E repito o que já escrevi aqui quando da análise do humorístico do Fantástico: Um regime de escravidão que durou 388 anos; Que custou o sequestro e o assassinato de aproximadamente 7 milhões de seres humanos africanos e outros tantos milhões de seus descendentes; e que fora amplamente denunciado como um dos maiores crimes de lesa-humanidade já vistos, deve ou pode ser motivo de piadas?

Quantas cenas de “humor inteligente” relacionado ao Holocausto; Ou às vítimas de Hiroshima e Nagasaki; Ou às vítimas do Word Trade Center ou – para ficar no Brasil – às vítimas do incêndio na Boate Kiss, assistiremos como fruto da boa intenção de roteiristas que não sabem do que falam ou do cinismo dos grandes meios de comunicação?
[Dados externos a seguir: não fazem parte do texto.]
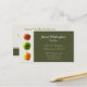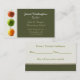This unique teacher's business card is done in a khaki green and tan colours, with photography of three colourful apples on the left side of the card. The backside is done like an appointment card for parent teacher conferences. All text is ready to personalise with your information. Great business card for any teacher.

Ah, mas homens e mulheres postos à venda e nos lembrando que sempre fomos – negros e negras – tratados como mercadoria, desumanizados e coisificados, em rede nacional e à mercê da gargalhada coletiva, isso pode! E com direito a status de humor crítico e inteligente.

Se é verdade que a crítica e a autocrítica são elementos da concepção de “Tá no Ar” e da iniciativa da emissora, eles falham no momento em que não rompem com a lógica de manipulação das representações e reforçam estereótipos raciais, colocando-se assim como um veículo de comunicação que, através de tal conteúdo, fortalecem e fomentam o racismo.

É preciso estar alerta. Fugir à regra da cognição racista é tarefa das mais difíceis. Se a missão é combater o racismo, não se pode utilizar da mesma lógica estrutural que organiza o pensamento racista. Portanto, nada de piadas sobre a escravidão, por favor!